§ EXERCISE DIRECTIONS
Where the listing below reaches the line containing "午前4時半過ぎ、新宿高層ビル", start writing out lines exactly, and stop once the line containing "После того, как" has been written.

§ INFORMATION SUPPLIED

------------

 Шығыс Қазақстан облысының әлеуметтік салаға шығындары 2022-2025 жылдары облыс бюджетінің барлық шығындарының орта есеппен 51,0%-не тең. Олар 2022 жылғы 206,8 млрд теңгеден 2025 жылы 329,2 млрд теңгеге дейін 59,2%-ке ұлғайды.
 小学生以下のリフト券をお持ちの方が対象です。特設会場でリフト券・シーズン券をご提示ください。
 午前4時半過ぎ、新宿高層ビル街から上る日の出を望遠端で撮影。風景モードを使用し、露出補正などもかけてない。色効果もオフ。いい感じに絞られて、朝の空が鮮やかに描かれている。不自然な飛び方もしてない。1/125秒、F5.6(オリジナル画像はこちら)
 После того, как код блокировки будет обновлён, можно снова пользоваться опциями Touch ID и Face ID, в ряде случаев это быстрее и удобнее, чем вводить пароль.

------------

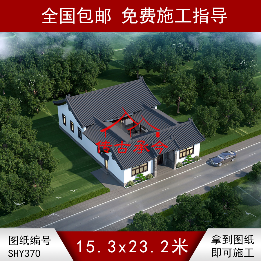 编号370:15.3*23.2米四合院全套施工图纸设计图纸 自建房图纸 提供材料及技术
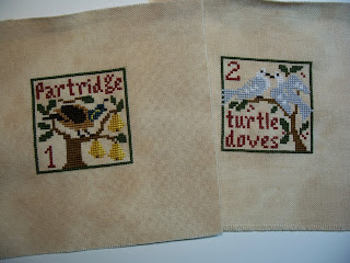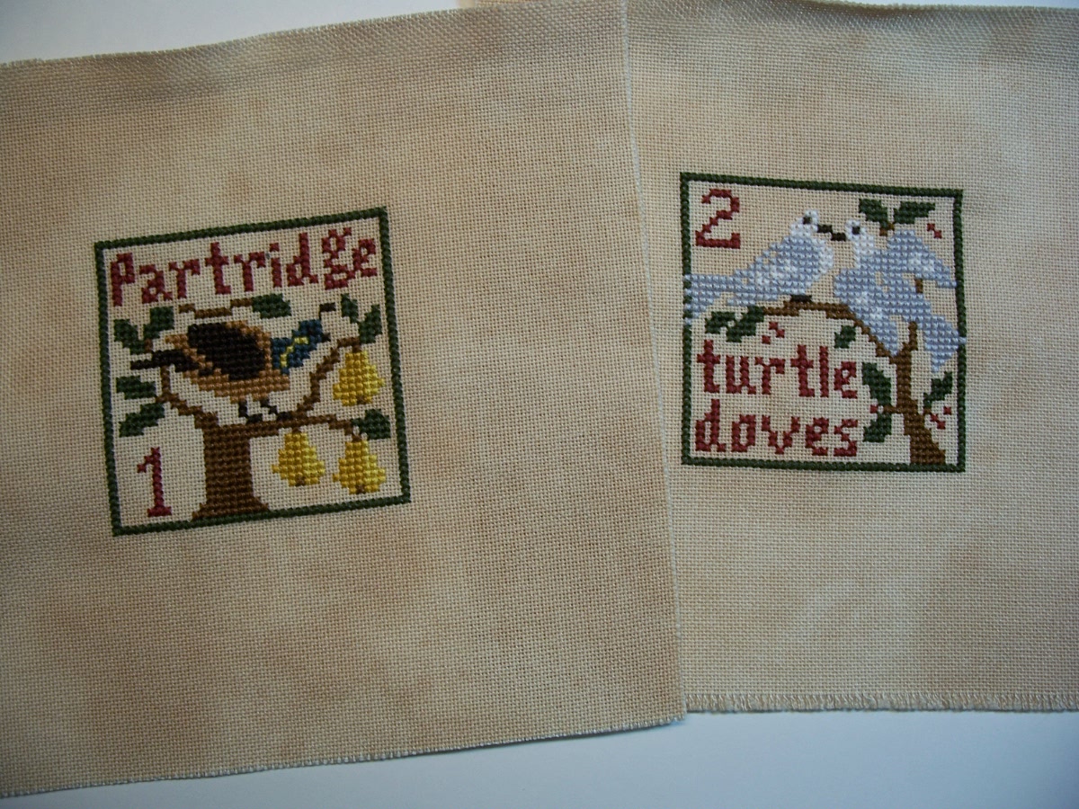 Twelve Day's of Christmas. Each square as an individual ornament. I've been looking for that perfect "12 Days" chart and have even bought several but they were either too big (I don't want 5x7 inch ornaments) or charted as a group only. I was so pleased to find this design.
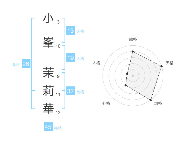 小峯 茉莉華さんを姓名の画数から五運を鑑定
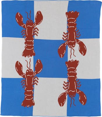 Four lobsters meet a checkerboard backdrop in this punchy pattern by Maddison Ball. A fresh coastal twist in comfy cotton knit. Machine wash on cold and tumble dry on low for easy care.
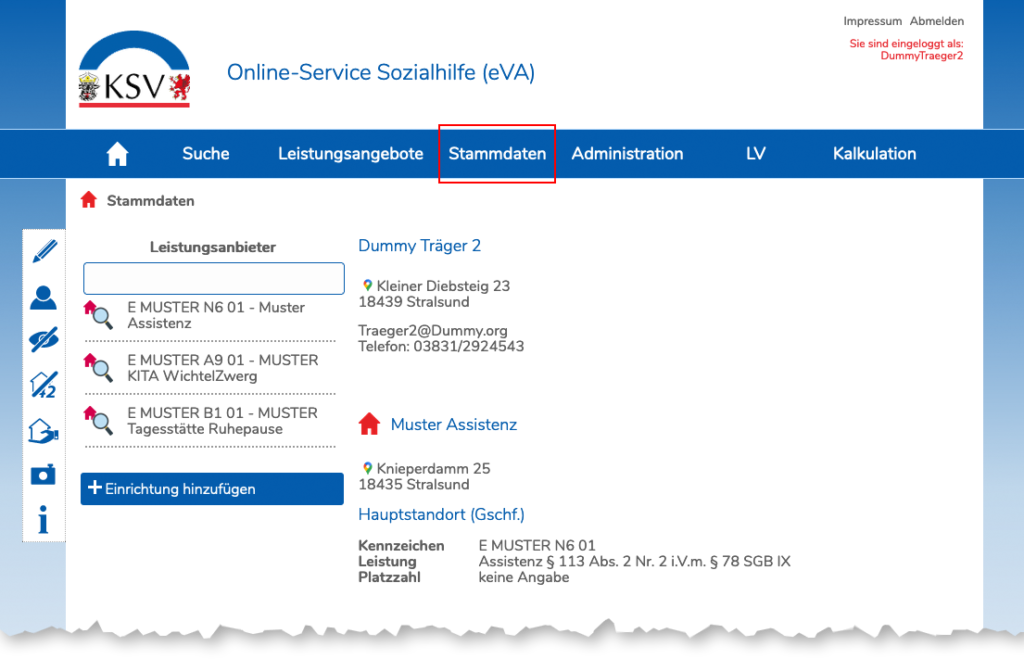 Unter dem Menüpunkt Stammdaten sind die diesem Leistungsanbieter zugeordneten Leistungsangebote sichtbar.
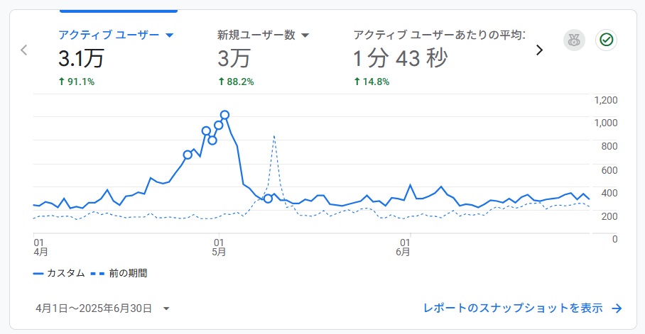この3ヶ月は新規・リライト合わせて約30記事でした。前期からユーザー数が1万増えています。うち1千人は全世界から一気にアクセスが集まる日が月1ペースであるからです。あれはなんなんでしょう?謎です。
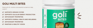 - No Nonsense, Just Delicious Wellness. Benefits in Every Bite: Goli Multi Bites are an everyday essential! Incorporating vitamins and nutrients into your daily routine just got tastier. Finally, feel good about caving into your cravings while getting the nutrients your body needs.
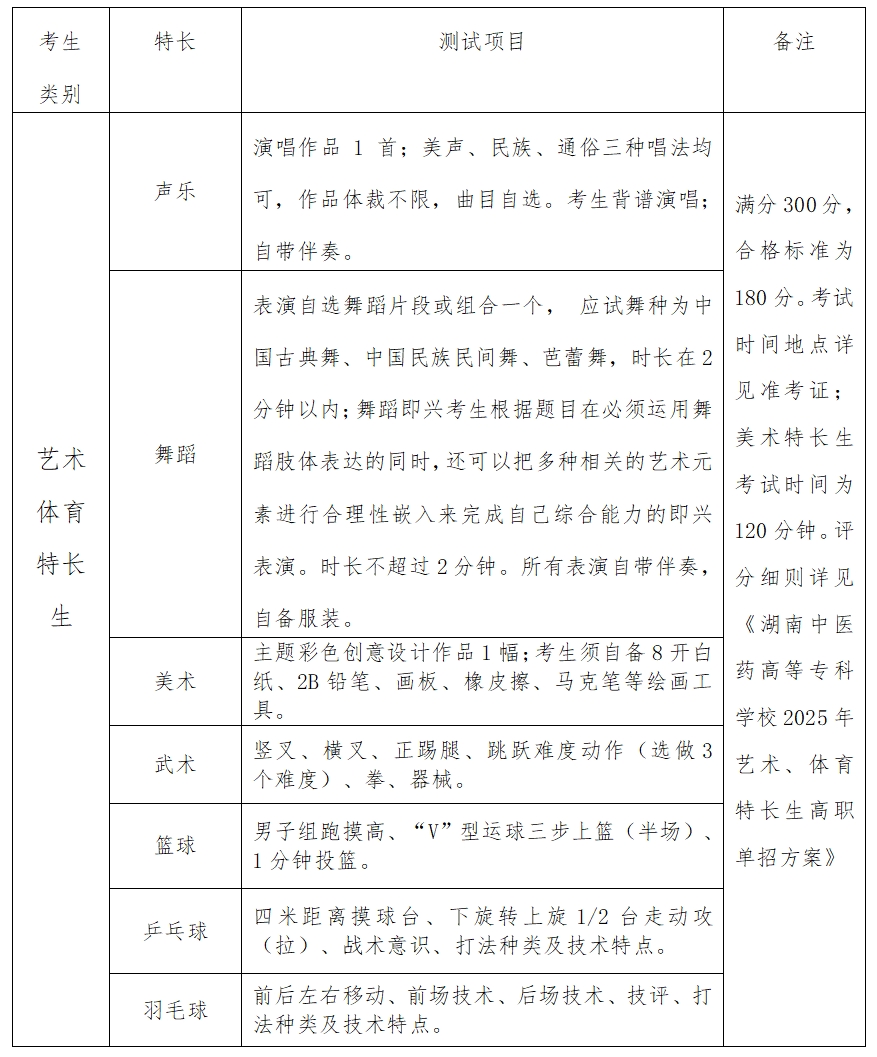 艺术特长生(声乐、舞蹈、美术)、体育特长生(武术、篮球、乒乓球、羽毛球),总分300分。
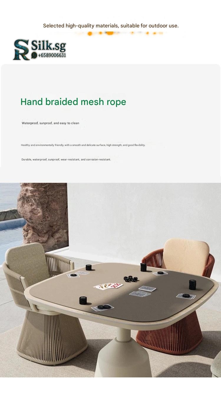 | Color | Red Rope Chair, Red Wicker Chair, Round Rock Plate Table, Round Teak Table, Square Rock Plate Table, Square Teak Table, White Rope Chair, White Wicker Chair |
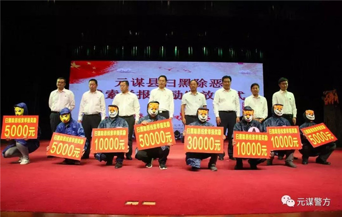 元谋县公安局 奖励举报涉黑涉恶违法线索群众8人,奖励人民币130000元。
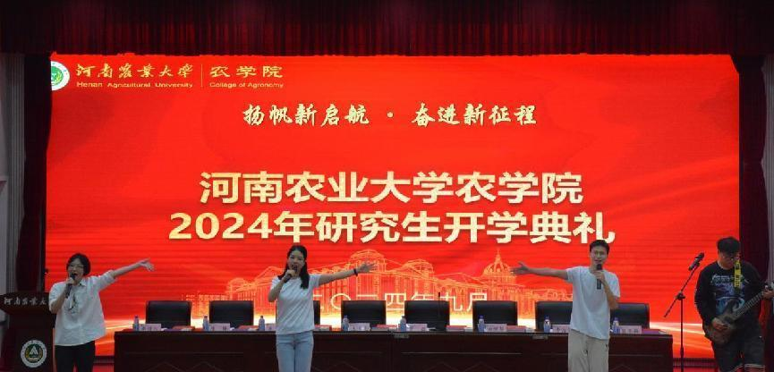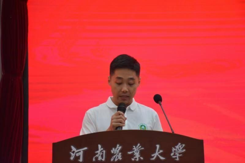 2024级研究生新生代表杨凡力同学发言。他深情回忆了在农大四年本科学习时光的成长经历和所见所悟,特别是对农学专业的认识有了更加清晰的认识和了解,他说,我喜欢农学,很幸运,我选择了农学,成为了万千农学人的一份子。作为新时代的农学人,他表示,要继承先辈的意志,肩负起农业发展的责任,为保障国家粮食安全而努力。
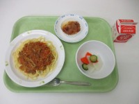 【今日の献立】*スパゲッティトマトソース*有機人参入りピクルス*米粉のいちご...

------------

§ EXERCISE SOLUTION
 午前4時半過ぎ、新宿高層ビル街から上る日の出を望遠端で撮影。風景モードを使用し、露出補正などもかけてない。色効果もオフ。いい感じに絞られて、朝の空が鮮やかに描かれている。不自然な飛び方もしてない。1/125秒、F5.6(オリジナル画像はこちら)
 После того, как код блокировки будет обновлён, можно снова пользоваться опциями Touch ID и Face ID, в ряде случаев это быстрее и удобнее, чем вводить пароль.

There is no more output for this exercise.